The hierarchical porous structure and large surface area of this composite was good for mass transformation in this reaction. The results indicate that β-Mo₂C/C had high hydrogenation activity in the hydrogenation of naphthalene, showing high activity and selectivity toward tetralin, which we suppose is not only due to the high dispersion of β-Mo₂C, but also the support of the hierarchical porous carbon.

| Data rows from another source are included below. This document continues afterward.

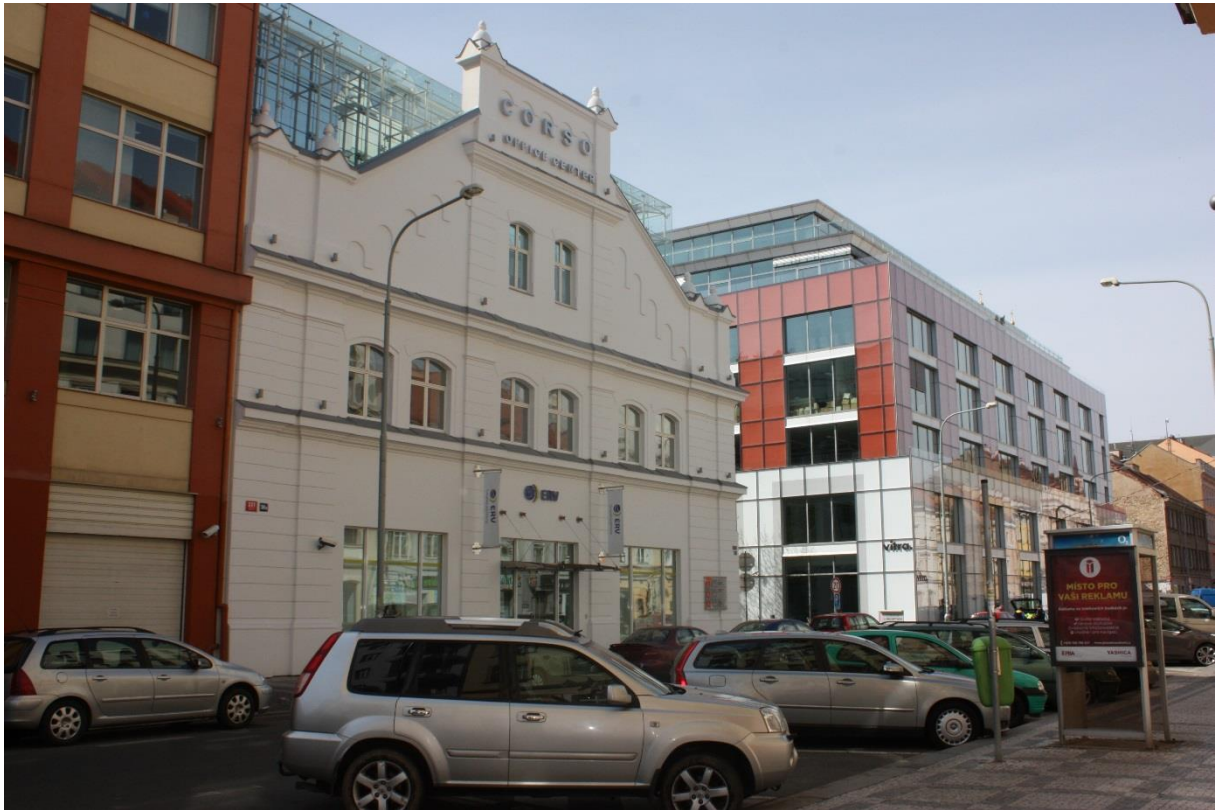
23. Praha 8 – Karlín, Corso Praha, stav k roku 2015.
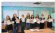
8-ая научно-практическая конференция учащихся «Через тернии к звездам!»

В школе подготовлена нормативная база, продумана организация работы по обхвату большего числа учителей и учащихся.
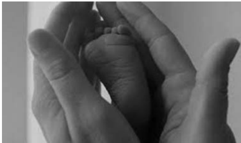
1. kép Terrence Malick (2011): Az élet fája

(Halász és Bódizs, 2001). Hartman (2008) vizsgálata az ún. nagy álom – azaz a jelentőségteljes, emlékezetes, nagyhatású álmok – legfontosabb ismertető jegyeit kutatta. Állítása szerint a nagy álom egyik legfőbb jellegzetessége, hogy rendelkezik egy erőteljes központi képpel, ami köré szerveződik az álom többi része. Maga Freud is részletesen kitér a manifeszt álom kifejezésrendszerének saját törvényeire, miszerint a látens gondolatoknak, jelentéseknek képekben kell kifejeződniük. Az ábrázolhatóság figyelembevételének követelménye alapján az álomgondolatok válogatáson, átalakuláson esnek át, s így elsősorban képek formájában válnak reprezentálhatóakká. Ennek két következménye van: a vizuális ábrázolásra alkalmas kapcsolatok előnyben részesülnek, és kiesnek a logikai kapcsolatok, vagyis az eltolásokat képszerű helyettesítők felé irányítja (Freud, 1900). Az ábrázolhatóság követelménye rárimel Balázs Béla azon megállapítására, miszerint „A film a felület művészete...a filmen is minden csak azon áll, hogy sikerül a rendezőnek a jelenetet képekben megragadni...” (Balázs, 1924, 28.). A vizuális ábrázolásmód, a képi kifejezés jelentőségét jól mutatja például Az élet fája (Terrence Malick, 2011) című film alábbi filmképe, amelyben a születés-jelenetben a rendezőnek egyetlen képbe sűrítve sikerül megjelenítenie az újszülött gyermekhez fűződő apai érzésvilágot.
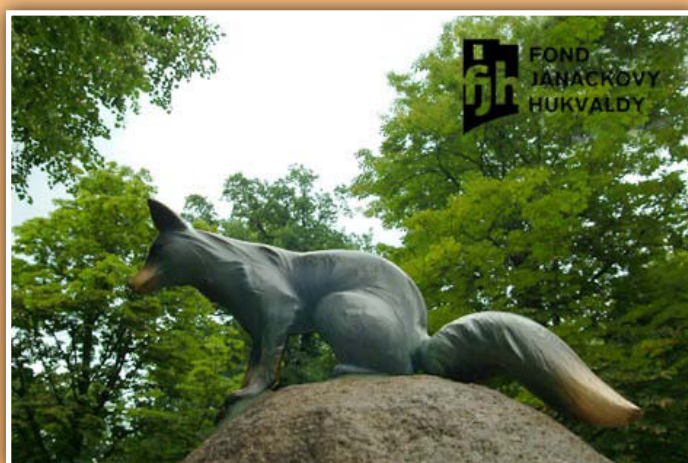
Liška Bystrouška v Hukvaldech

Zakládající členové „Fondu-Janáčkovy Hukvaldy“, navazují na umělecký odkaz největšího z hukvaldských rodáků a velikána světového hudebního skladatelství Leoše Janáčka (1854-1928), jsou si vědomi povinnosti nedat zaniknout kulturnímu kreditu obce Hukvaldy a oblasti Hukvaldska vůbec, respektují tradice hudebních slavností a festivalů s historickými prvopočátky v r. 1938. Vrcholem jejich činnosti je každoroční Mezinárodní hudební festival Janáčkovy Hukvaldy. Spolek je novým členem MAS od roku 2014.
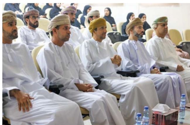
الحضور تعرفوا على أفضل الممارسات في الابتكار المؤسسي

الحكومية، وإدارة الابتكار والبرامج. يذكر أن الابتكار المؤسسي يعتبر عملية مستمرة تهدف إلى تطوير وتحسين الهياكل والعمليات الداخلية للمؤسسات بهدف تحقيق أهدافها بكفاءة أكبر، وهي ركيزة أساسية في بناء مؤسسات قوية ومستدامة، وضرورة لمواجهة التحديات والتغيرات في العصر الحديث.
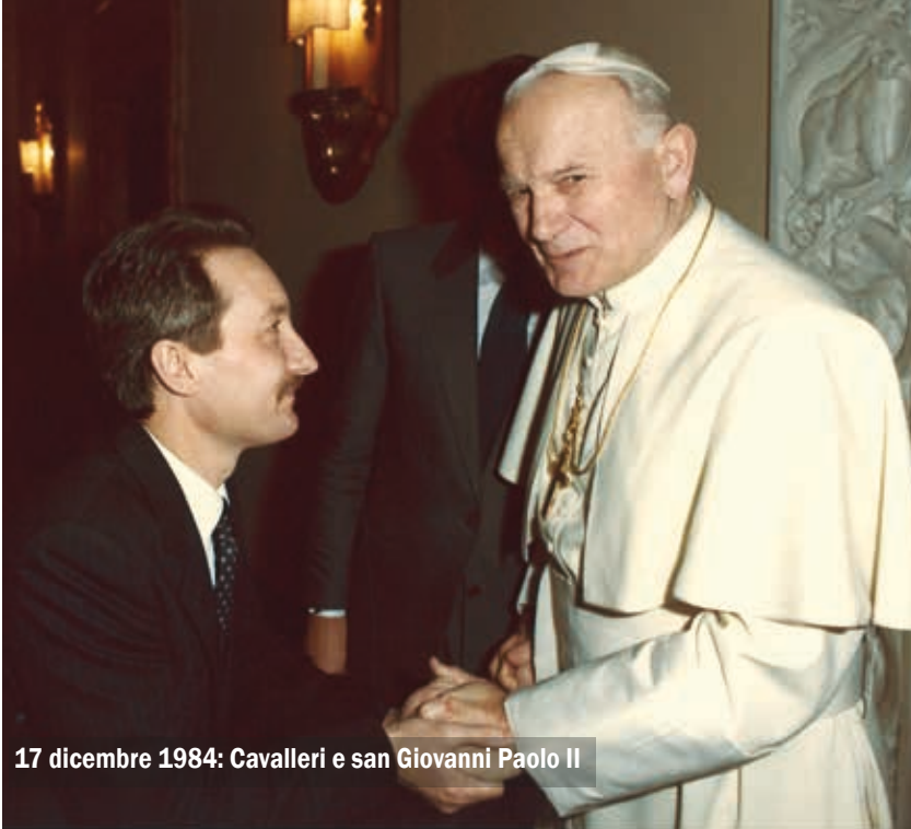
17 dicembre 1984: Cavalleri e san Giovanni Paolo II

piani 1967). Qui si delinea la tragicità di un'epoca senza più maestri, ma nella quale «l'artista è inserito nella società come professionista; è finita l'epoca del poeta solitario (...); in un mondo di consumatori veloci e distratti, in una società ingorda di tutti i possibili generi di consumo, capace di digerire e assimilare rapidamente anche gli oggetti più raffinati dell'arte, in un mondo di rapidissime informazioni e volgarizzazioni, che cosa ci starebbero a fare i Giganti della penna, i Geni della lirica e del romanzo?». Eppure, nonostante Cesare Cavalleri rilevi l'amara esattezza delle osservazioni di quell'ormai dimenticato libro, così afferma, contrapponendosi a esse: «Tutto giusto, tutto vero. Eppure si avverte che la ragione sta dalla
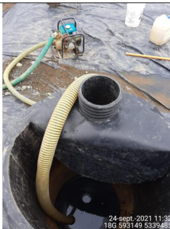
Fotografía N°11: Retiro de Lixiviados desde cámara C10 por personal Municipal. Tomada: Viernes 24 de Septiembre del 2021
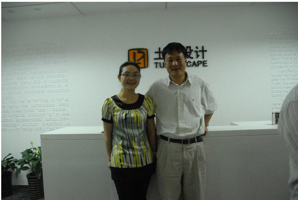
我院教师与俞孔坚教授进行交流
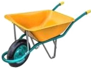
CARRETILLA OBRA R/NEUMA. 90LT COB003 THC002
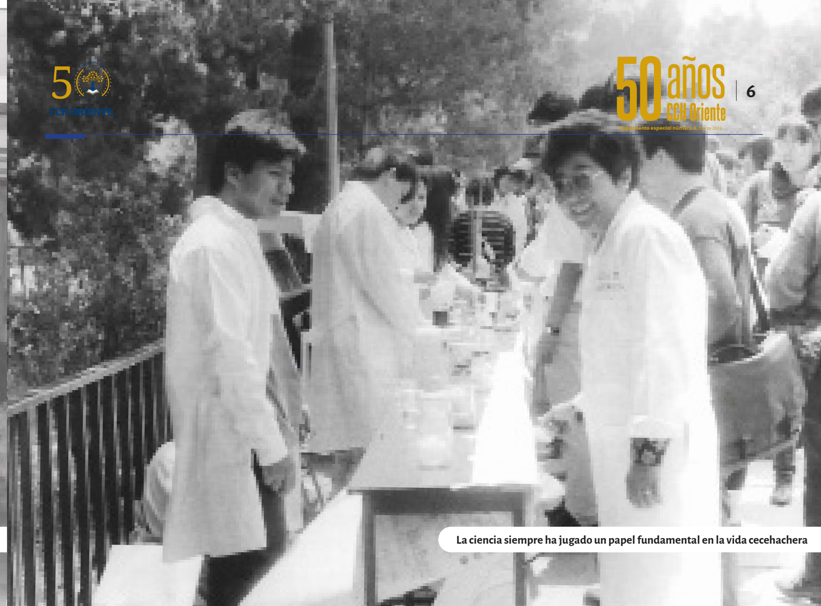
La ciencia siempre ha jugado un papel fundamental en la vida cecehachera

Apoyo a Materias Difíciles (PAMAD), el cual constaba de cursos intensivos en los que se hacía hincapié en el área de matemáticas, ciencias experimentales, histórico-social, y talleres de lenguaje y comunicación. De la misma manera, se buscaba que el deporte fuera determinante en el proceso de enseñanza-aprendizaje.
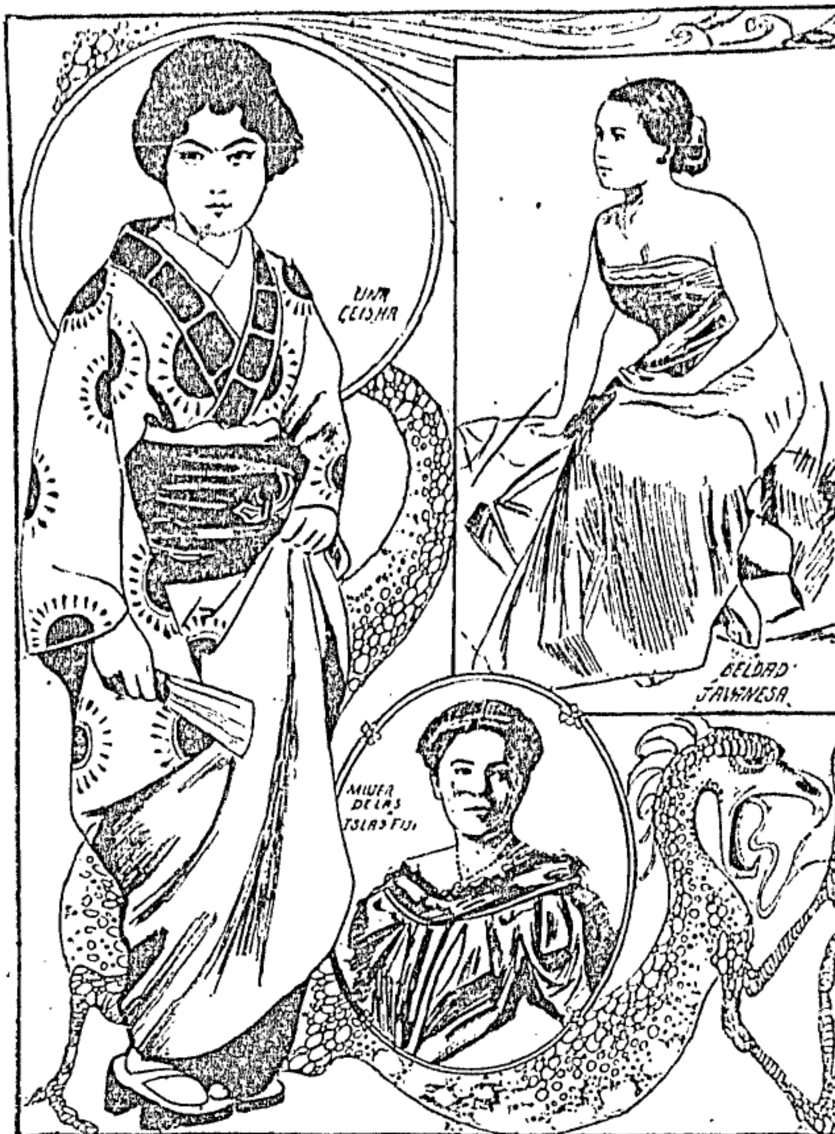
La belleza de la mujer varía según cada nación; pero ahora, en eso, están los japoneses de moda. Muy pronto no quedará nada del pintoresco traje que ha sido uno de los atractivos de aquellas mujeres. La mujer japonesa de la clase elevada importa hoy vestidos de París; pero, sin embargo, la geisha sigue todavía vistiendo el traje que la ha hecho popular en el mundo entero. No se comprenden sus graciosos movimientos si se la viera vestida de otra manera.

—¿Ah, por fin trajó usted el perro! ¡Muy bien! Desde que se fué usted, la policía no ha descansado un momento tomando medidas preventivas. Han detenido a Tadeo, al portero, al ama de llaves, al criado indio, a todo el mundo. La casa está sola completamente, nos pertenecen en absoluto; únicamente arriba ha quedado un agente; deje usted el perro por ahí y suba usted conmigo.
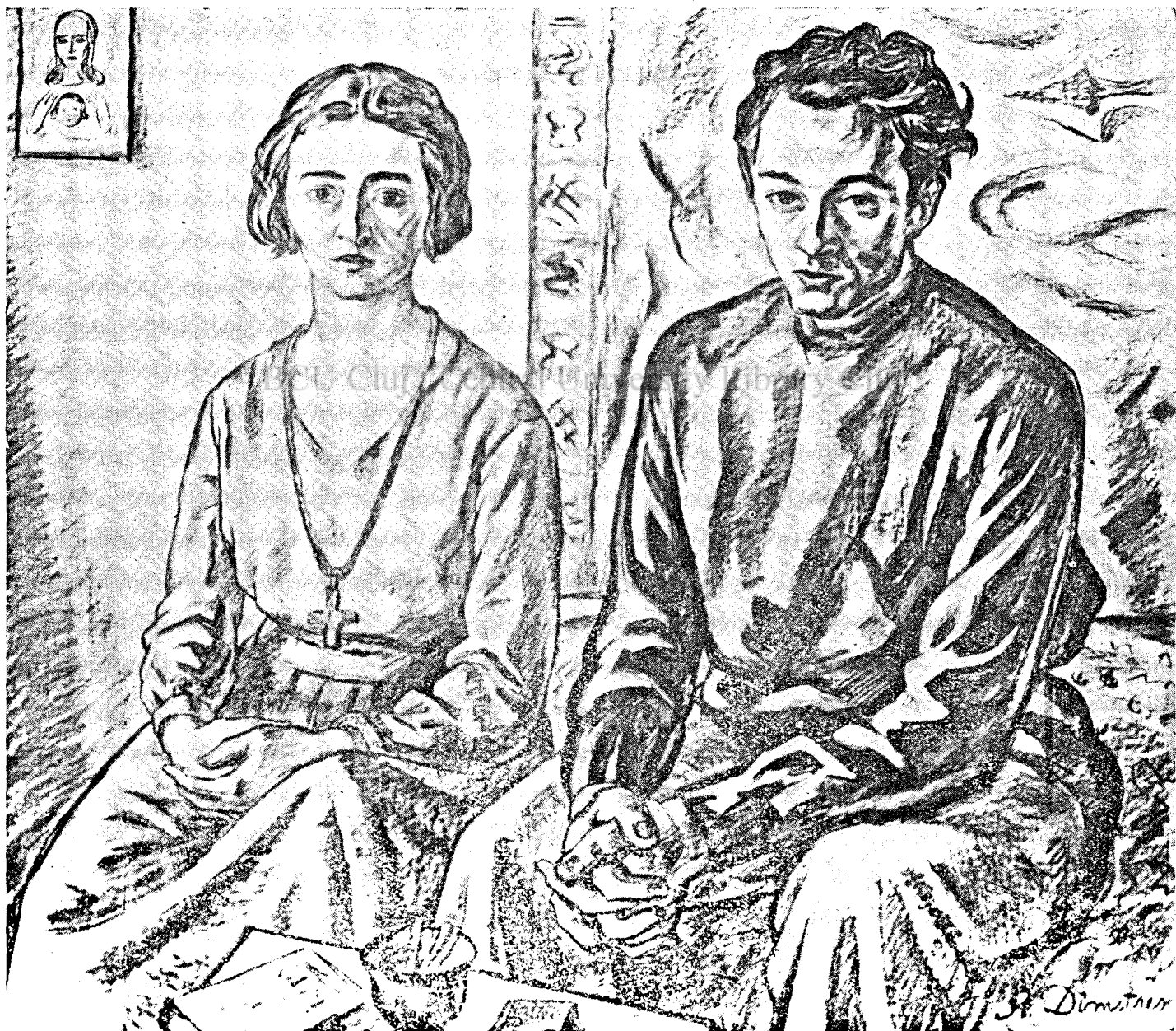
Romancierul Ionel Teodoreanu
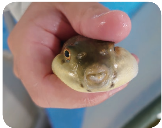
持ち上げられて威嚇のために少し膨らんでいます。怒ってるんですがかわいいですね。

温度はどんな生き物にも関わる大事なことなので、自宅で飼われているペットたちが食いつきや元気がなければ温度に注目してあげてください。
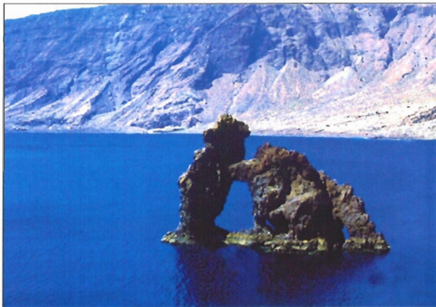
La isla de El Hierro cuenta con más de 100 kilómetros de costa

El Hierro es una isla mágica, y forman parte de sus encantos el manantial Pozo de la Salud (con grandes facultades curativas), y dentro de su fauna el lagarto gigante de Salmor, una especie protegida que constituye uno de los endemismos del archipiélago

In summary, a molybdenum carbide-carbon composite (β-Mo₂C/C) has been prepared rapidly in one step by carbonization of the anion resin which is simple and cheap. This sample has a hierarchical microporous, mesoporous, and macroporous structure, and a large surface area. The nanosized β-Mo₂C crystals are highly dispersed in the carbon. β-Mo₂C/C has a high efficiency in the selective hydrogenation of naphthalene to tetralin. We hope that β-Mo₂C/C will find use as a low-cost catalyst for the production of tetralin.

Materials synthesis

For the facile one-step synthesis of the composite, 3 g of a basic anion-exchange resin (D201, Bengbu Tianxing Ion-Resin Co., Ltd, China) was mixed with 40 mL of an aqueous solution of 0.5 g of ammonium molybdate ((NH₄)₆Mo₇O₂₄·4H₂O, Sinopharm Chemical Reagent Co., Ltd, China) to obtain the corresponding resin derivative. The resin derivative was washed with deionized water, dried at 80 °C for 12 h, and carbonized under a N₂ atmosphere at 850 °C for 5 h in steps of 3 °C min⁻¹.

Catalyst characterization

XRD patterns were obtained with a Rigaku D/Max-2550 diffractometer using CuKα radiation. The nitrogen adsorption isotherms of the samples were measured using a Micromeritics ASAP 2010 system. The samples were outgassed for 10 h at 300 °C before the measurements. The pore size distribution was calculated using the BJH and Horvath–Kawazoe (HK) model. SEM experiments were performed on a Hitachi S-4000 electron microscope. The TEM experiment was performed on a JEM 3010 electron microscope (JEOL) with an acceleration voltage of 300 kV.

Catalytic reaction measurements

The β-Mo₂C/C (200 mg) catalyst was added to a high-pressure reactor (Parr Instrument Company, United States), and the reactor was heated to 350 °C at a rate of 10 °C min⁻¹ under 1 MPa H₂ and kept for 1 h to ensure that the catalyst has been activated. After the reactor was cooled to 250 °C, the desired amount of n-dodecane (80 mL) as the solvent with the appropriate quantity of naphthalene (3 g) was introduced into the reactor. The total pressure was 4.5 MPa (hydrogen pressure of about 4.2 MPa), and the stirring rate was 800 r min⁻¹. Hydrogen was continually supplied to make up for the consumption of hydrogen and to maintain the same total pressure. A steady state was achieved after reacting for 3 h. A small amount of the liquid product from the hydrogenation of naphthalene was removed from the reactor and allowed to cool. The products of the hydrogenation of naphthalene were analyzed with an Agilent 6890N gas chromatograph equipped with a flame ionization detector (FID) detector.